International Journal of Education and Social Science (forthcoming)

Phillips explores the significance of going beyond asynchronous online involvement and moving toward a more interactive engagement with distance-learning students, which was never more urgent than in the COVID-19 environment. Students and faculty in traditional face-toface courses were shifted virtually overnight into an e-learning environment. These students and faculty were particularly vulnerable to this transition. Faculty facing the pandemic have been online instruction novices, and a substantial portion of the disengaged students felt they learned better and were more engaged in a traditional learning environment. This paper investigates approaches that can help ease the unexpected transition to online learning to yield a more impactful experience to engage these students in an active learning environment in graduate programs.

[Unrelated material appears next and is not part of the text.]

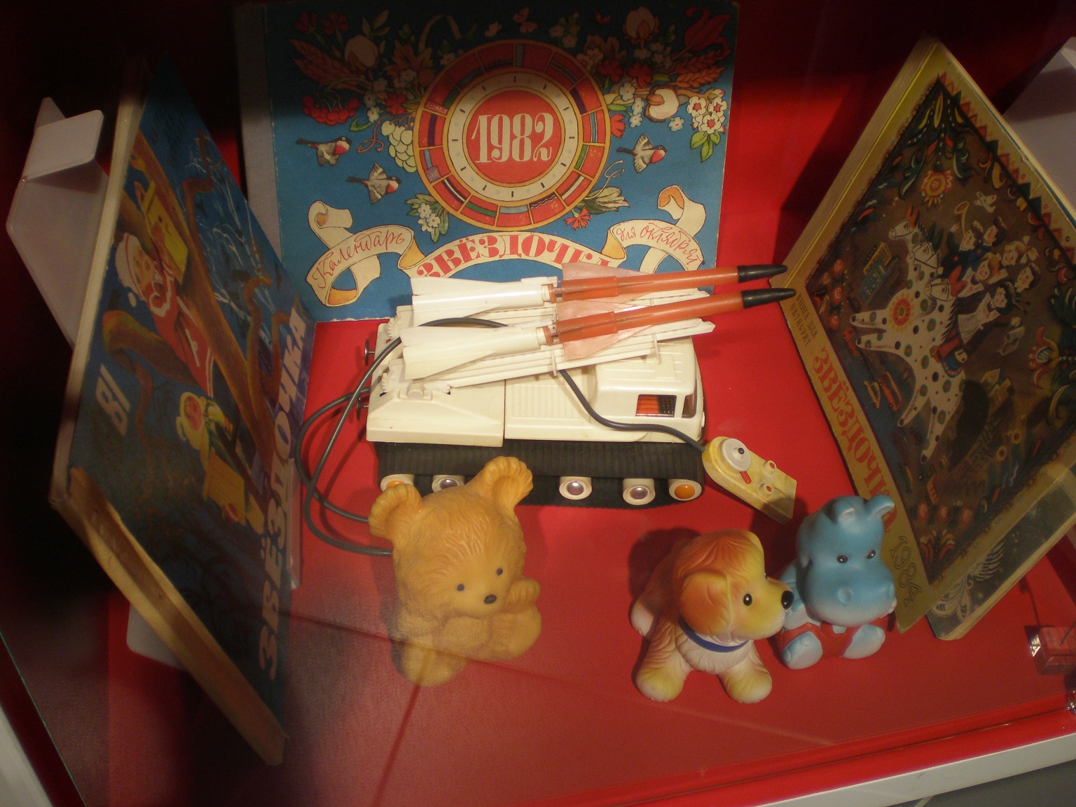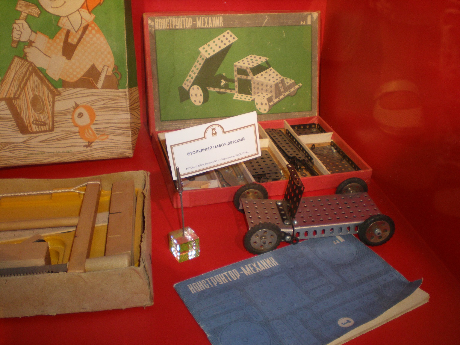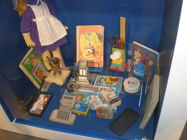 Многие экспонаты из своего детства припоминаю; модельки, солдатики, конструктор! Букварь, математика! Как сейчас себя вижу за деревянной партой с откидной полкой, 1985-й.

DAVID S. STEFFENSEN JR., Assistant Professor of Management

with CHARN P. MCALLISTER (Austin Peay State University) and PAMELA L. PERREWÉ, GANG WANG, C. DARREN BROOKS (Florida State University)

“ ‘You’ve Got Mail’: a Daily Investigation of Email Demands on Job Tension and Work-Family Conflict”

Journal of Business and Psychology

Email represents a useful organizational tool that can facilitate rapid and flexible communication between organizations, managers, and employees regardless of their physical location—office, home, on vacation, etc. However, despite the potential benefits of email, its usage is a double-edged sword that also has the potential to negatively affect its users. To advance knowledge and inform both researchers and practitioners of such negative outcomes, Steffensen et. al. integrate the job demands-resources model with spillover theory to investigate email as a potential job demand and explore how it may relate to employees’ job tension and work-family conflict. Their research suggests, as a job demand, email can have negative consequences on the job that can spill over into the home.